Is "To say which method is better, it's a relative thing" correct to express that a method is better depending on the circumstances? Or is there a better way to express that?

The context is:

Q:Which is the more preferred method now (method 1 or method 2)? I know method 2 is newer but is it better?

A:It is a (relative?) thing to say which method is better. Method 1 can fulfill Kevin's request with minimal change to the current script that we're using; in the contrast, method 2 can provide some more functions in addition to fulfilling Kevin's request. So either one can be better, depending on what you want.

As you can see, there is comparison between method 1 and method 2, And either method can be better depending on the need. What word would be proper to replace "relative", which has similar meaning of "relative"?

  • "Depending on what you want" makes it variable, subjective or dependent, not relative.
    – Kris
    Jul 10, 2013 at 12:25
  • I wonder what is unclear about this question. Why the close votes?
    – Kris
    Jul 10, 2013 at 12:26
  • Jealousy, probably. Ignore them. Jul 10, 2013 at 17:37

2 Answers 2


The sentence in the OQ

To say which method is better, it's a relative thing.

is a Left-Dislocation of the sentence

It's a relative thing to say which method is better.

which itself comes from Extraposition of the sentence

To say which method is better is a relative thing.
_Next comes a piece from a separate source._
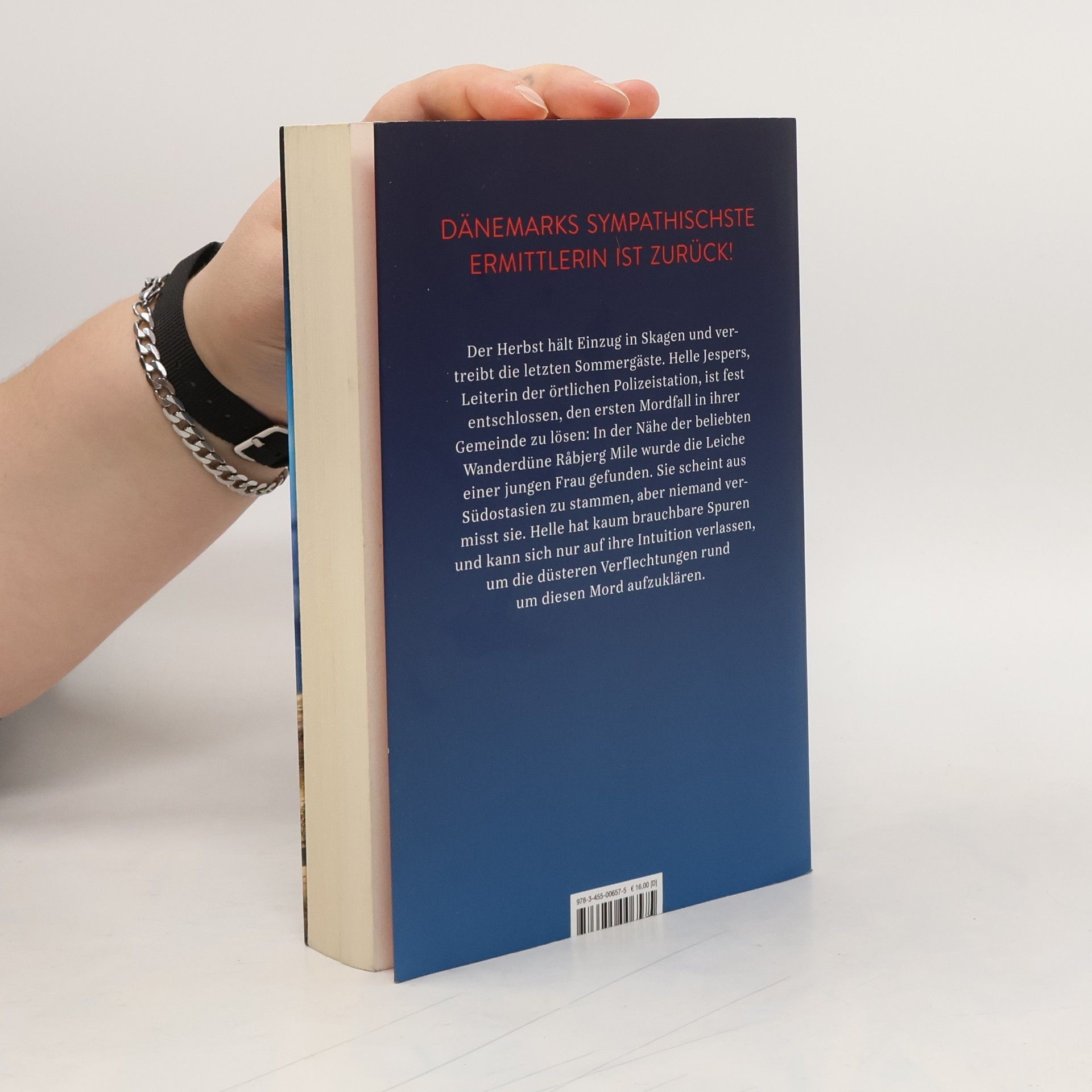 Der zweite Fall von Dänemarks sympathischster Ermittlerin Der Herbst hält EInzug in Skagen und vertreibt die letzten Sommergäste. Helle Jespers, Leiterin der örtlichen Polizeistation, sehnt sich nach mehr Zeit und weniger Trubel. Doch die Ruhe währt nur kurz, denn in der Nähe der beliebten Wanderdüne Rabjerg Mile wird die Leiche einer jungen Frau gefunden. Laut Obduktion stammt sie offenbar aus dem südostasiatischen Raum. Doch niemand scheint sie zu vermissen. Die Vermutung liegt nahe, dass sie sich illegal in Dänemark aufhielt. Helle Jespers ist fest entschlossen, den ersten Mordfall in ihrer Gemeinde aufzuklären, und stößt dabei auf die Saschattenseiten der scheinbar so offenen dänischen Gesellschaft.

Now, since the communicational purpose of extraposition of an infinitive subject is to move heavy NPs to the end of the sentence, where they can be processed more easily in a Right-Branching language like English, and the purpose of left dislocation is to move the important part of the sentence to the beginning, using both of them together does nothing useful except add parasitic structure and a dummy it subject to the original.

So the structure is a wash, right away. As for the predicate be a relative thing, this is overage from be relative, in the sense of relative that means 'varying widely in context (and consequently difficult to judge)'.

If some thing is relative, then it is a relative thing, right? Again, piling on more words to make it come out better; not always an optimum solution.

So, instead of asking whether one particular sentence out of literally trillions is "correct", you might better ask where this sentence came from, what it's sposta mean, and to whom; and why there might be a problem with it -- and possibly with some others like it, because you can't ask individual questions about trillions of sentences.


I think the clearest way to put it is to say "Which method is better depends on your (priorities/preferences/criteria)." Or, "Depending on your (priorities/preferences/criteria), you could argue that either method is superior."

Kris's comment gives a nice list of alternatives here, but the clearest in my opinion is to say that the choice "depends" on something, and then explain what it depends on.